31 936 Luchtvaartbeleid

Nr. 1157 BRIEF VAN DE MINISTER VAN INFRASTRUCTUUR EN WATERSTAAT

Aan de Voorzitter van de Tweede Kamer der Staten-Generaal

Den Haag, 29 mei 2024

Begin 2021 is het voornemen gepubliceerd om bij invoering van de Omgevingswet de bestaande rekenregel voor luchtvaartgeluid bij cumulatie te actualiseren, om zo de geldende inzichten over hinder van luchtvaartgeluid bij cumulatie beter tot uitdrukking te brengen.1 Er leven echter zorgen bij de lokale bestuurders, de Bestuurlijke Regie Schiphol (BRS), de VNG, het IPO en Bouwend Nederland over het realiseren van de woningbouwopgave in relatie tot dat voornemen.
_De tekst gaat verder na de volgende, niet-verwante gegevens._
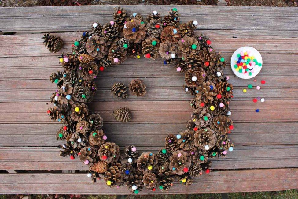 Это могут быть не только игрушки для елки, а и новогодние венки на дверь из шишек, шкатулки, украшения для стен и стола.
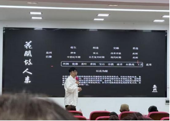刘老师以“宋元中国,海丝泉州”为主题,分享了如何将泉州的世界文化遗产——如泉州建筑线条、海洋文样、德化白瓷等元素,转化为25套极具视觉冲击力的高定时装。他坦言,策划过程中最大的挑战在于“让传统非遗对话当代审美”。讲座中,他清晰具体地讲解了深入调研、设计元素提取,通过解构传统纹样、创新材料应用,提升传统文化的时尚活化,最终在巴黎秀场上实现了“东方韵味与西方剪裁的完美平衡”,为师生们上了一堂精彩绝伦的时尚设计大课。
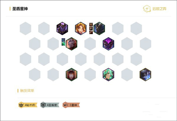 裝備優先拿鎖子甲和魔抗斗篷,在選秀中這些一般都沒有人要,先給趙信準備防御裝備。前期可以適當的擺爛,只要能夠打贏野怪就行,因為圣盾需要4人才能成型。等到5人口開始適當的D一波找趙信、洛和妮蔻,上皇子組成4圣盾,再搭配其他的秘術棋子。中期盡量提升低費棋子的星級打連勝,拉到8人口上璐璐組成4秘術組合,能夠有效的各路法師陣容。走星守的人太多那就把秘術羈絆換成星神,上霞、卡薩丁和艾希,6星神同樣有一戰之力。
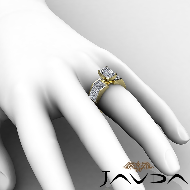 Sidestone Invisible Set Shank style Engagement Ring, center is Emerald shape Diamond Report by GIA, E Color & VVS2 clarity, Made in 14k Yellow Gold (2.07 ct. tw.)
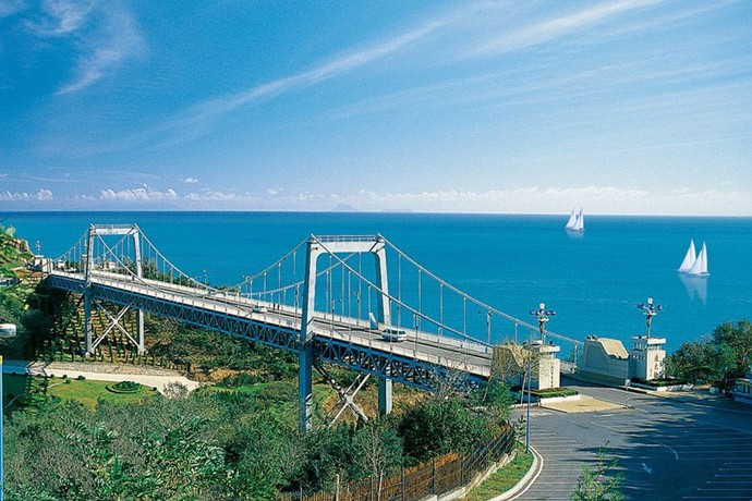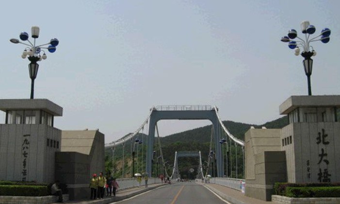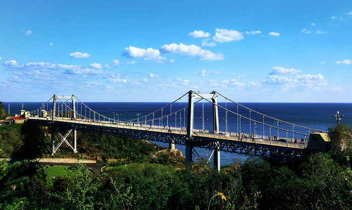 北大橋位于大連海濱風(fēng)景區(qū)中的老虎灘景區(qū)與燕窩嶺景區(qū)之間,是一座近海臨山橫跨山谷的旱橋。它是貫穿整個(gè)大連海濱風(fēng)景區(qū)東西濱海路的要沖,而且也是老虎灘景區(qū)西部和鄰近的燕窩嶺景區(qū)中一壯觀秀麗的風(fēng)景點(diǎn)。 該橋?yàn)槿绾?jiǎn)支加勁桁架懸索橋,全長(zhǎng)230米,中跨跨徑132米,橋?qū)?2米,其中車(chē)行道寬為8米。主索矢高13.2米,矢跨比1:10。

Eerdere analyses naar de mogelijke invloed van dit voornemen op het realiseren van de woningbouwopgave in de omgeving van luchthavens zijn in december 2021 aan uw Kamer aangeboden.2 Mede namens de Minister van Binnenlandse Zaken en Koninkrijksrelaties informeer ik u hierbij nader over de stand van zaken.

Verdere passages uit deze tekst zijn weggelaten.